Module: EH7002-30 Interdisciplinary Methods for the Environmental Humanities
Level: 7
Credit Value: 30
Module Tutor: Kate Rigby
Module Tutor Contact Details: k.rigby@bathspa.ac.uk
1.Brief description and aims of module
This module provides training in interdisciplinary research methods for the Environmental Humanities. It aims to foster the scholarly skills associated with good research practice and to develop appropriate methods for independent research and research dissemination at level 7. Although many of these skills are generic, the materials and methods will be studied in the context of the concerns of the Environmental Humanities. The module will also help to prepare students for further postgraduate study at MPhil and PhD level.
2.Outline syllabus
This module provides training in the innovative interdisciplinary research methods that have been developed in the Environmental Humanities to address multi-faceted socio-environmental challenges, such as biodiversity loss, climate change, resource depletion, pollution, and disaster mitigation. In addition, it involves activities intended to refresh and extend high-level generic humanities research skills of developing a self-directed research topic, sourcing and evaluating appropriate research materials, engaging ethically with the work of other researchers, and thinking and communicating critically, creatively and self-reflexively.

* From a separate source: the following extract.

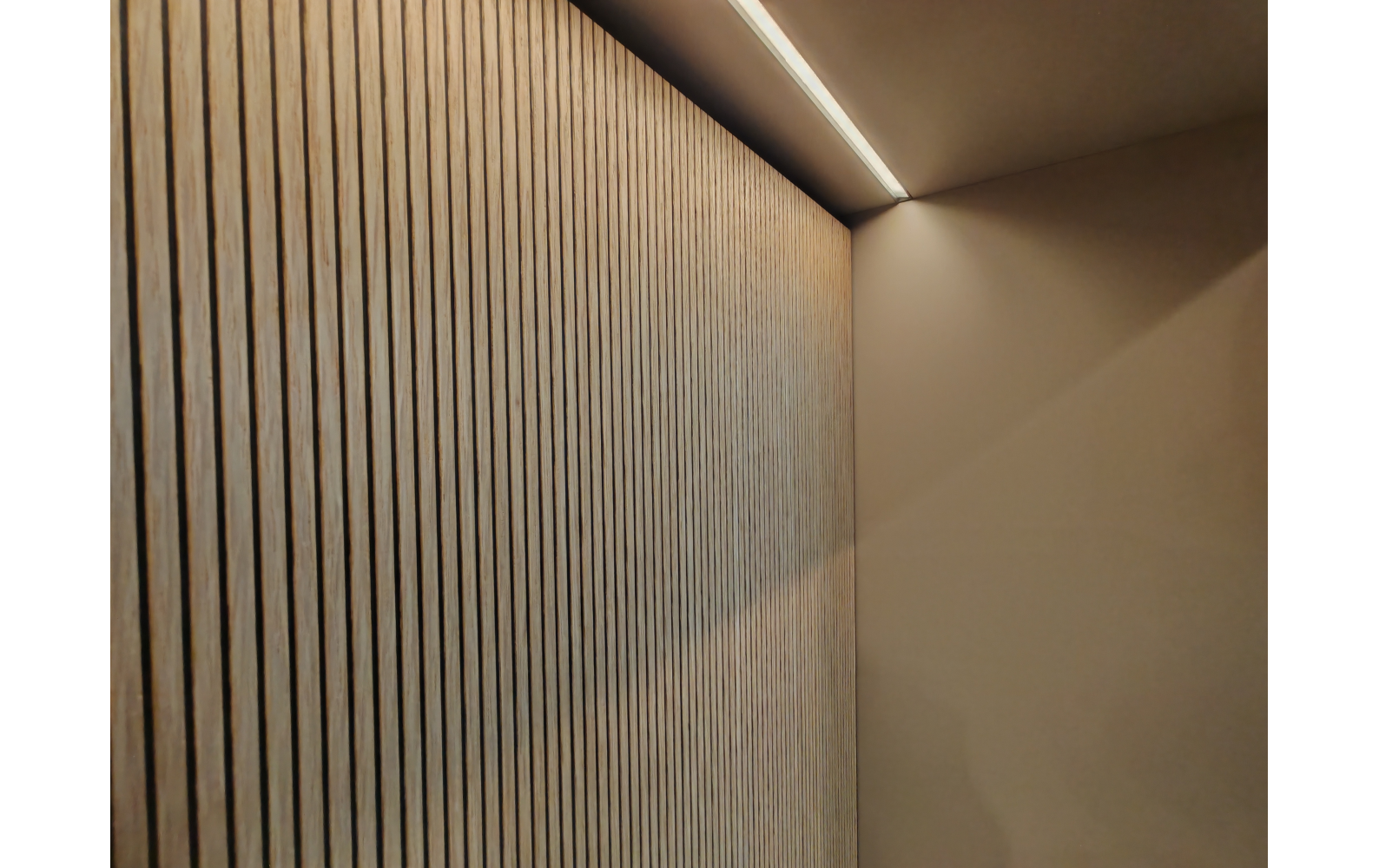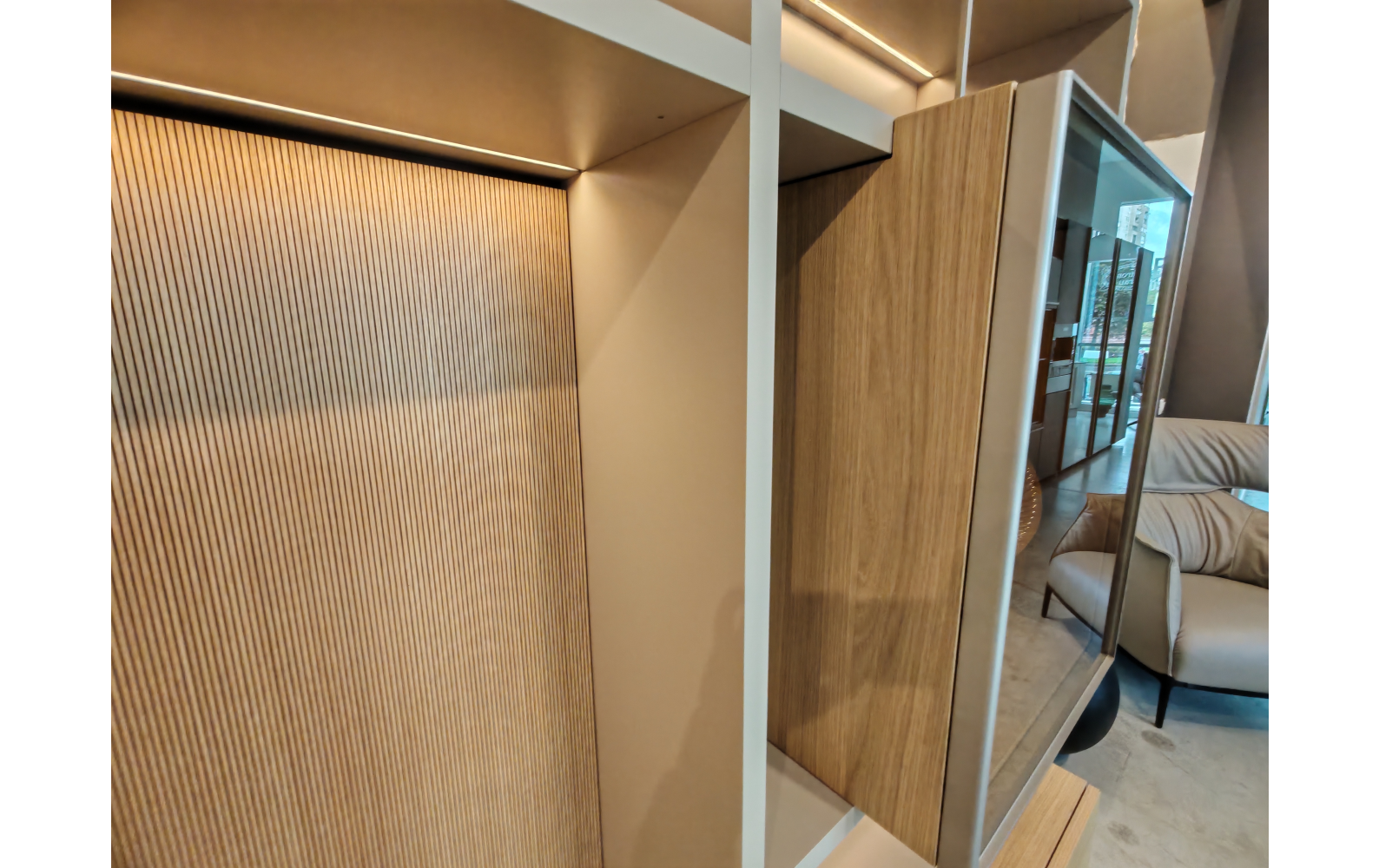 Функциональность системы 505 UP выходит за рамки традиционного книжного шкафа и превращает его в современный предмет мебели, который дополняет концепцию современного интерьера. Композиция состоит из двух симметричных модулей и центральной частью с эффектной, реечной панелью из дерева для ТВ зоны. Модули имеют усиленные полки в отделке матовый лак, цвет DUNE. Вертикальными разделителями служат стеклянные панели из закаленного стекла толщиной 8 мм с лицевым профилем из окрашенного экструдированного алюминия. Полки оснащены встроенной горизонтальной Led подсветкой.

3.Teaching and learning activities
The module will be taught through a combination of tutorials addressing generic humanities research skills, and workshops centred around case studies of interdisciplinary research methods in the Environmental Humanities, led by experts in each area of study. These areas might include climate studies; hazard and disaster studies; extinction studies; cross-cultural sustainability studies; ‘hydrocitizenship’ studies (i.e. the study of people’s relations with seas and waterways); and/or multi-species studies (i.e. the investigation of people’s economic, imaginative, affective etc relations with a particular species or set of species over time). Some of these case studies might entail short non-residential excursion affording the opportunity of close encounters with free-living species or landscape features (e.g. on the Newton Park campus, or to the Severn estuary in Bristol).